## PROVIDED MATERIAL
──────────

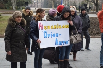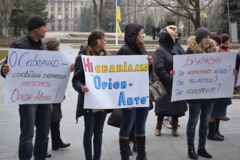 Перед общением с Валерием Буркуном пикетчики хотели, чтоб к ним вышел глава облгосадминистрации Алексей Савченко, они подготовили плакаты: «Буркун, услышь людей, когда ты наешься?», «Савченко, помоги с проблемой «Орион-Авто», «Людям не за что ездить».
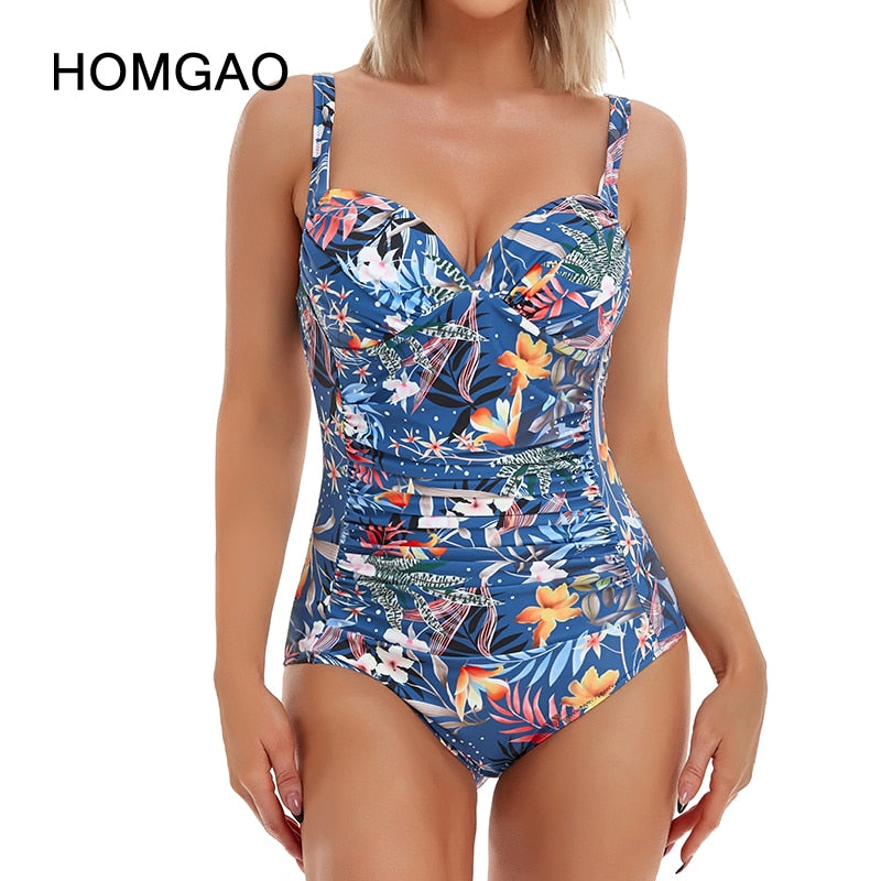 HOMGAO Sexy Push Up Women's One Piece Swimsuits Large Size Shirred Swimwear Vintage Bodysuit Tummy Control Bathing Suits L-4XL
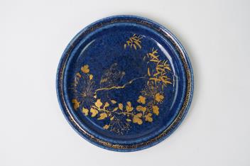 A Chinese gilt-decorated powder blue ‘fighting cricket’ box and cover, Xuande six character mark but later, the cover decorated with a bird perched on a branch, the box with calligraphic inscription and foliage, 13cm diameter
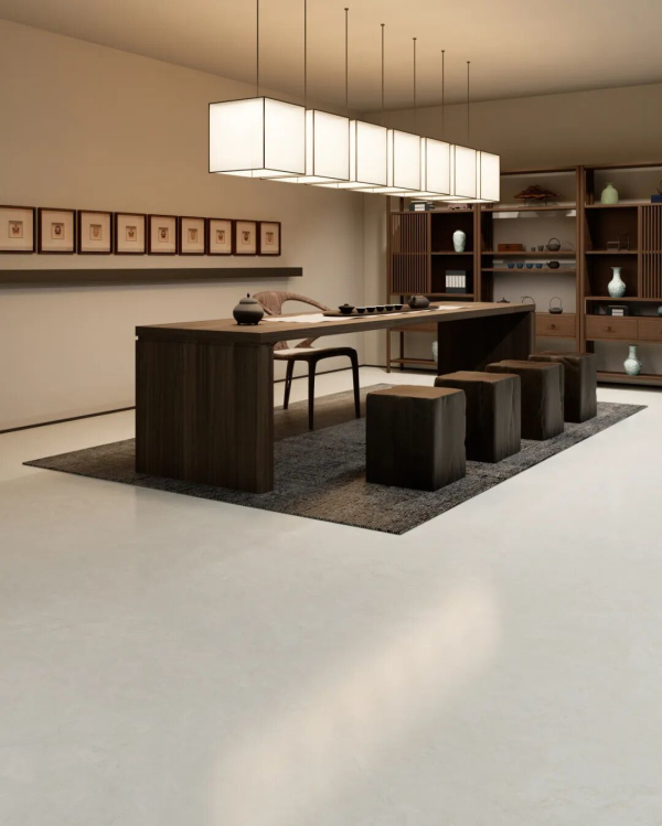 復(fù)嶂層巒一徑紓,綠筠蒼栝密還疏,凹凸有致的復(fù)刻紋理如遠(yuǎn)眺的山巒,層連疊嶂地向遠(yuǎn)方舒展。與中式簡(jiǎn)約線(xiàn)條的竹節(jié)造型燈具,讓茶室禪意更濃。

──────────

## WHAT IS EXPECTED
Every line from the one with "HOMGAO Sexy Push" through the last line of the listing above must be written out exactly, and no picture may appear.

## RESPONSE AREA
 HOMGAO Sexy Push Up Women's One Piece Swimsuits Large Size Shirred Swimwear Vintage Bodysuit Tummy Control Bathing Suits L-4XL
 A Chinese gilt-decorated powder blue ‘fighting cricket’ box and cover, Xuande six character mark but later, the cover decorated with a bird perched on a branch, the box with calligraphic inscription and foliage, 13cm diameter
 復(fù)嶂層巒一徑紓,綠筠蒼栝密還疏,凹凸有致的復(fù)刻紋理如遠(yuǎn)眺的山巒,層連疊嶂地向遠(yuǎn)方舒展。與中式簡(jiǎn)約線(xiàn)條的竹節(jié)造型燈具,讓茶室禪意更濃。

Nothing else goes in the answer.